§ INSTRUCTIONS FOR THE TASK
Retype the following data exactly, but leave its pictures out.

§ DATA SEGMENT
[Start of section]

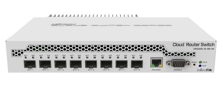 CRS309-1G-8S+IN je velice výkonný, avšak kompaktní síťový přepínač. Disponuje osmi sloty pro SFP+, které podporují až 10 Gbit na každý slot. Celková kapacita přepínání je až 162 Gb/s a kapacita bez blokování 81 Gb/s.
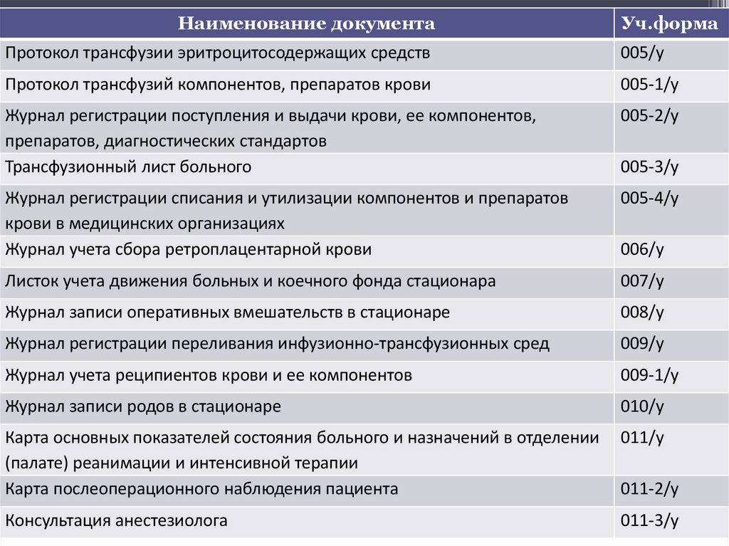 8. Медицинская документация, используемая призаготовке крови и ее компонентов.
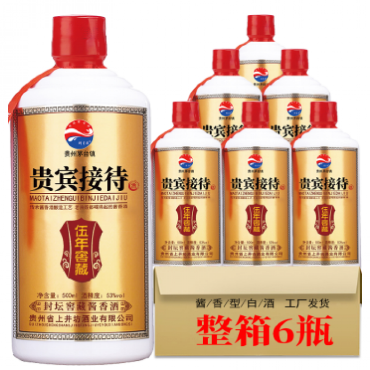 - 贵州茅台镇酱香型白酒整箱6瓶贵宾接待酒53度高粱酒

[End of section]

§ COMPLETED TASK
 CRS309-1G-8S+IN je velice výkonný, avšak kompaktní síťový přepínač. Disponuje osmi sloty pro SFP+, které podporují až 10 Gbit na každý slot. Celková kapacita přepínání je až 162 Gb/s a kapacita bez blokování 81 Gb/s.
 8. Медицинская документация, используемая призаготовке крови и ее компонентов.
 - 贵州茅台镇酱香型白酒整箱6瓶贵宾接待酒53度高粱酒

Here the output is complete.